I’m not going to even try to give a synopsis of the history of the discovery and development of subsequent sources for pencil “lead” and wood and eraser material. Rather I skip to Petroski’s descriptions of one of the pencil’s main uses: drawing:
… Drawing materials have their origins in antiquity. The Egyptians used looped string to scribe true circles, and the Romans used compasses made of bronze and rulers of wood and ivory. By the second century permanent drawings were being made by using a reed pen to draw in ink over the lines scratched on animal skin or papyrus.
Pens made from the quills of birds replaced reed pens by the seventh century, and during medieval times paper making was introduced in the West. With the use of paper widespread during the Renaissance, the method of marking on it with silverpoint was developed. In this method the paper was prepared by applying a wash of finely ground pumice suspended in a very dilute solution of glue and flour paste. When a silverpoint was drawn across such paper, a line varying from pale gray to black could be produced by controlling the pressure on the point. Leonardo used such a method for many of his mechanical drawings, which he then went over with a pencil brush or quill pen and ink.

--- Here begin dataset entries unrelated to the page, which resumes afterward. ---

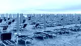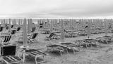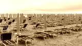 The beach at Lido di Jesolo. Lots of blue sun loungers and yellow umbrellas on the beach. Sunset . Italy
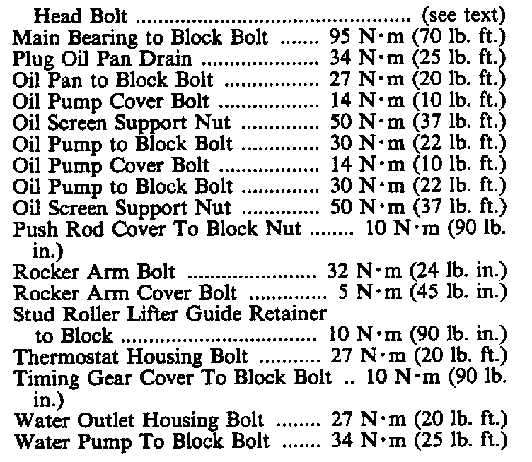 Torque Specifications:
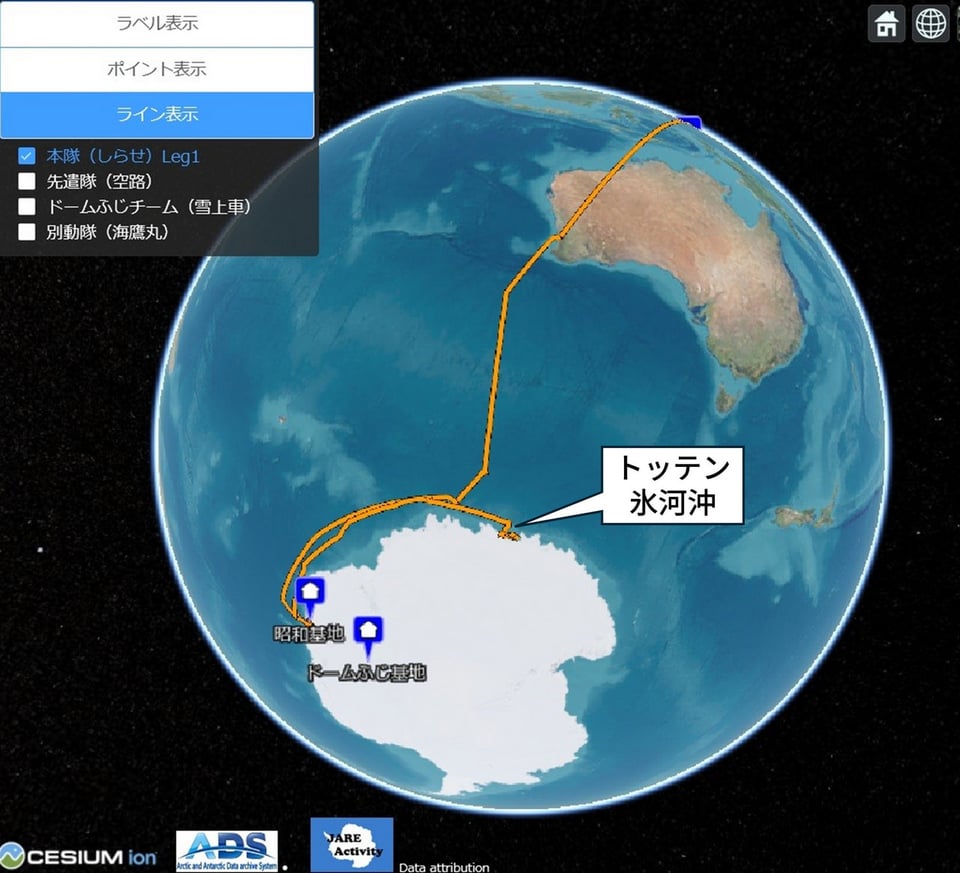 (観測隊はいまどこ?https://www.nipr.ac.jp/antarctic/jare/map67.html を改変)
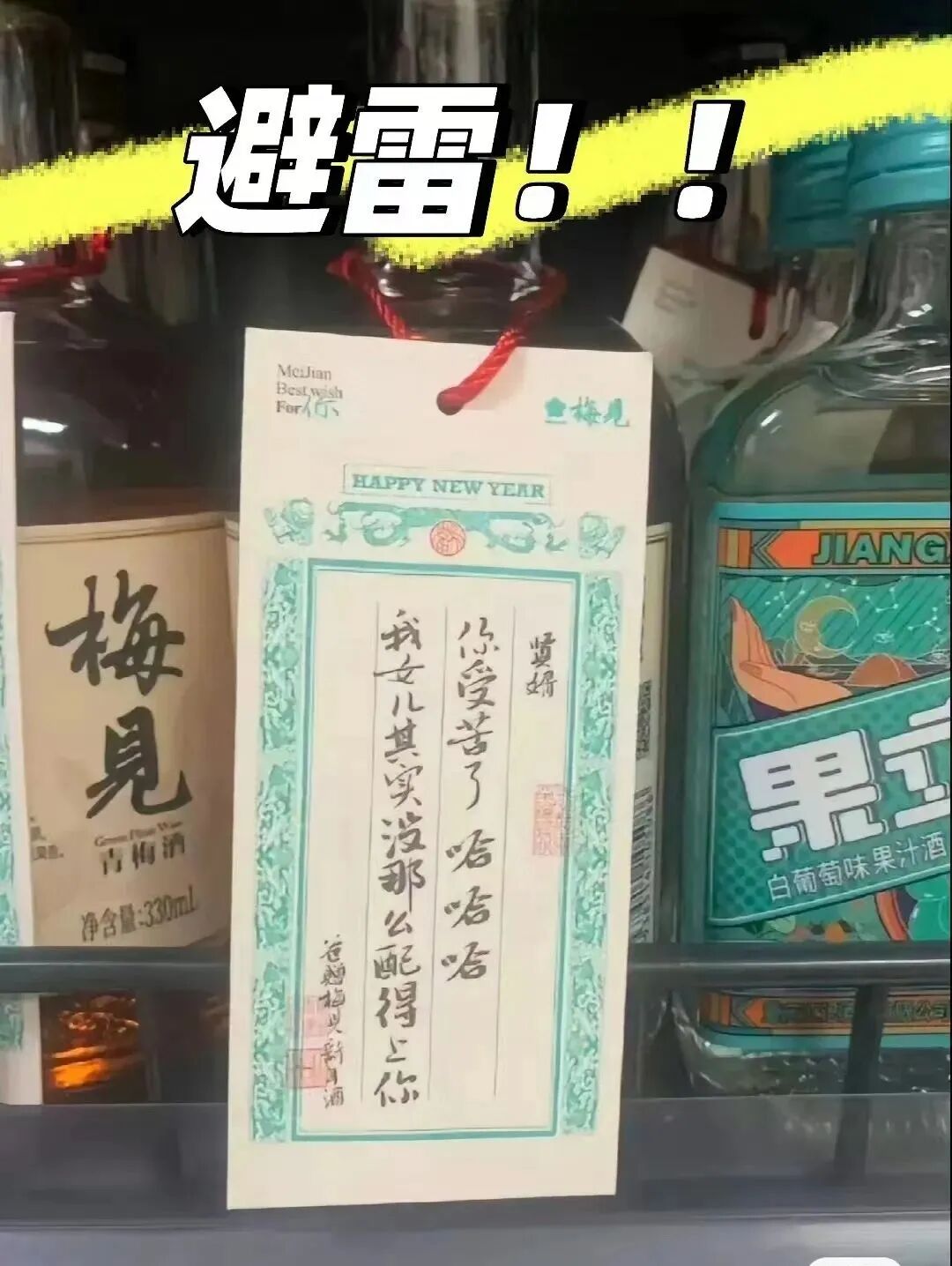 图片显示,在该新年包装上,其中一条文案写道“贤婿,你受苦了,哈哈哈,我女儿其实没那么配得上你。爸赠梅见新年酒。”

By the sixteenth century making drafting inistruments had become a trade throughout Europe, and by the eighteenth London became renowned for “mathematical” instrument making generally. But insturments were useless without a drawing medium, and according to Hubert Gautier de Nimes, whose 1716 treatise was the first on bridge building, “the graphite stick, with a file to sharpen it, belongs in the military engineer’s kit.” George Washington’s set of drawing instruments [he was a land-surveyer] bears the date 1749, and includes a divider, two compasses with removable legs, a compass leg for holding a pencil lead, a compass leg with a pen, and a ruling pen — essentially the same equipment as in the set that students learned to draw with two centuries later. And Washington’s kit almost certainly contained some extra graphite or pencil leads. In Washington’s day, in a manner not unlike the use of silverpoint, drawings would first be laid out in pencil and, when all lines were complete, inked over with mechanically guided pens to produce a final draft. For his fieldwork, Washington the surveyer had a red-morocco pocket case holding a folded scale, dividers, and three-inch-long pencil.

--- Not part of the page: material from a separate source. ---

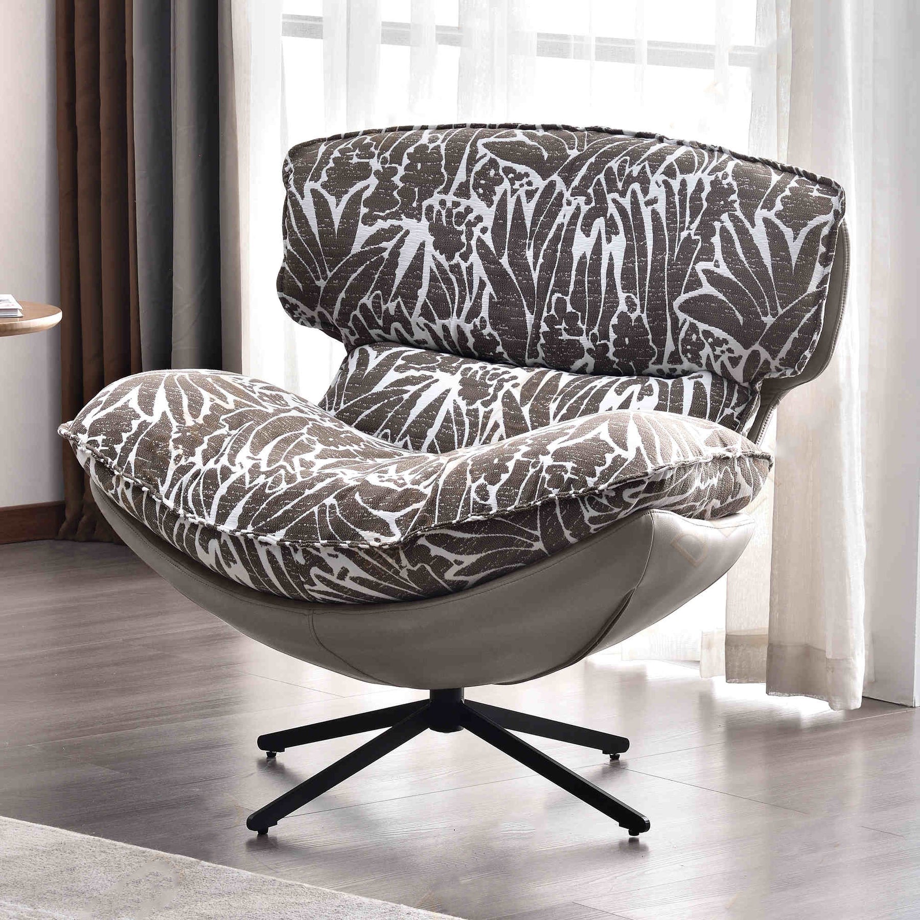 The poetic allure of traditional rustic style is perfectly encapsulated in this sofa chair. The base is crafted from premium eco-friendly faux leather, boasting a delicate texture that seems to encapsulate natural textures. The cushion, made of high-quality cotton and linen fabric and filled with PP cotton, delivers a soft yet supportive seating experience, akin to relaxing in a pastoral meadow. The chair legs are constructed from robust carbon steel, providing stable support for you to lean on without a worry. Furthermore, it comes with a detachable design, making cleaning and upkeep a breeze. Featuring 360° silent rotation, it lets you savor a leisurely moment in tranquility, with the comfort and freedom of pastoral style surrounding you at all times.

In engineering drawing, also called mechanical drawing and even in the past instrumental drawing, because of its use of tools like Washington’s, the weight or thickness of a line is significant. Heavy solid lines are used for the visible outlines of objects, dashed or broken lines are used for indicating hidden parts of objects, and light lines are used for lines giving dimensions. … The inking pens in Washington’s mechanical drawing set were adjustable to make different thicknesses of line, and thus they were well suited to giving the proper weight of line in a final drawing. The draftsman needed only to concentrate on guiding his pen properly and on not cutting the paper.
The use of graphite was much more difficult in Washington’s day. In order to achieve different thicknesses and different weights of lines, different sharpnesses of pencil point and different pressures on the pencil had to be used. Thus pencils made by the Conté process were a great improvement; since they came in a variety of grades, marks of different degrees of darkness could be had by changing pencils instead of changing the pressure on a single piece of lead.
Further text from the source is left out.